After 17 years spent milling around development hell, Terry Gilliam’s adaptation of Don Quixote ranks among the greatest films never made. The celebrated director of such wild-eyed satires as Brazil and Fear and Loathing in Las Vegas took on a mad mission of his own in tackling the legendary picaresque novel from Miguel Cervantes, landing Johnny Depp and Jean Rochefort to star in the tale of a deluded knight pursuing farcical missions around the Spanish countryside while providing subtle critiques of class and religion. The 2002 documentary Lost in La Mancha chronicles Gilliam’s long and arduous road to realizing this vision, which included everything from flash floods to technical hassles to a serious illness from Rochefort that would ultimately table the entire production and result in a $15 million insurance claim.
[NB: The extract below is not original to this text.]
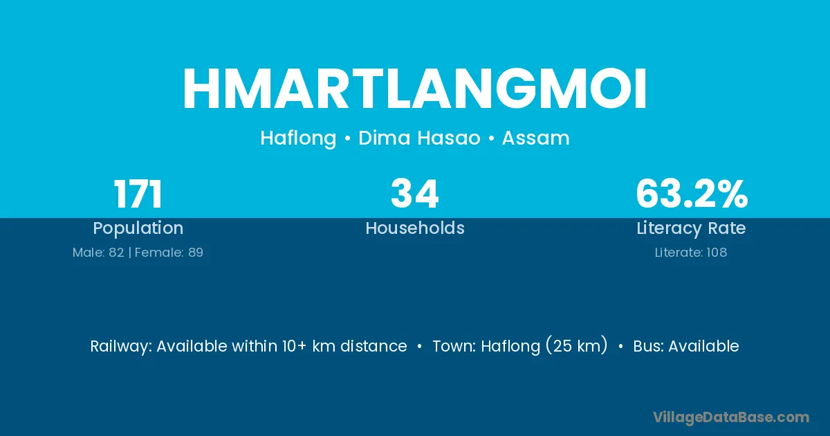 Haflong (25 km) is the nearest town to Hmartlangmoi village for major economic activities and is located approximately 25 km away.

Now, Gilliam’s patience and perseverance have been rewarded. In what is either exhilarating news or the cruelest April Fools’ Day prank in recent memory, his Don Quixote has gotten back on track thanks to an co-production deal spanning several countries, with companies in Spain, Portugal, and France coming together to finance Gilliam’s film, which has, ironically, become a more quixotic pursuit than anything Don Quixote actually did. Returning to the original title of The Man Who Killed Don Quixote, the film will begin production in September, with Gilliam regular John Hurt and Jack O’Connell assuming the roles once reserved for Rochefort and Depp, respectively. The Hollywood Reporter has the full story, detailing an $18.2 million budget (a substantial step up from his allotment for his recent The Zero Theorem, estimated at somewhere between $8 and $13 million), as well as plans to shoot in the rolling hills of Spain and Portugal. So long as the mighty hand of God doesn’t descend from the heavens to crush Gilliam’s dreams into dust once again, it looks like this could actually happen.